* **Given information**:
· · · ·

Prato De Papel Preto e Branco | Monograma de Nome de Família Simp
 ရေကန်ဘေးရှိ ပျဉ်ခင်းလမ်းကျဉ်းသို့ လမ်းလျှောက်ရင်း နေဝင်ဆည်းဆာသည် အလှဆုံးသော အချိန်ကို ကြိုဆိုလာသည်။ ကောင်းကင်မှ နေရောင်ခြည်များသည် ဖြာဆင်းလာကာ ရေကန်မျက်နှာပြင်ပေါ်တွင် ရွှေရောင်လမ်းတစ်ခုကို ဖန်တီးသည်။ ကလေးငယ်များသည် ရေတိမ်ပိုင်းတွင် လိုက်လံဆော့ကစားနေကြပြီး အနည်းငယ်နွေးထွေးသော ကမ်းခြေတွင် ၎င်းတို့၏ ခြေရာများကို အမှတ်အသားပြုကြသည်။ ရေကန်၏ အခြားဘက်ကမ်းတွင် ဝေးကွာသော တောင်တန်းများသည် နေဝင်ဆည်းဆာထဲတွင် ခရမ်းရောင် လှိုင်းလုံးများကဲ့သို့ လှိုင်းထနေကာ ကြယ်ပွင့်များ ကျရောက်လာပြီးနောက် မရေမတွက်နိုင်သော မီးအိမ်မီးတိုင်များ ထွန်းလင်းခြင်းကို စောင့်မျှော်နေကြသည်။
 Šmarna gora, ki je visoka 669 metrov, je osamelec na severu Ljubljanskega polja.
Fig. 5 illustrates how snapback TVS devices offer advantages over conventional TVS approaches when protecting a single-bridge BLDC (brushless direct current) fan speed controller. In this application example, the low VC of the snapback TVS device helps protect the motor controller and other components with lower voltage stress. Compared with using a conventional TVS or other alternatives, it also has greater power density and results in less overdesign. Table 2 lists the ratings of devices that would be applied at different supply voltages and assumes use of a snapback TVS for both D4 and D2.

· · · ·

* **Exercise**: Everything from the line with "Šmarna gora, ki" to the last line of the data is what to return, word for word; leave out the rest.

* **Reply to the task**:
 Šmarna gora, ki je visoka 669 metrov, je osamelec na severu Ljubljanskega polja.
Fig. 5 illustrates how snapback TVS devices offer advantages over conventional TVS approaches when protecting a single-bridge BLDC (brushless direct current) fan speed controller. In this application example, the low VC of the snapback TVS device helps protect the motor controller and other components with lower voltage stress. Compared with using a conventional TVS or other alternatives, it also has greater power density and results in less overdesign. Table 2 lists the ratings of devices that would be applied at different supply voltages and assumes use of a snapback TVS for both D4 and D2.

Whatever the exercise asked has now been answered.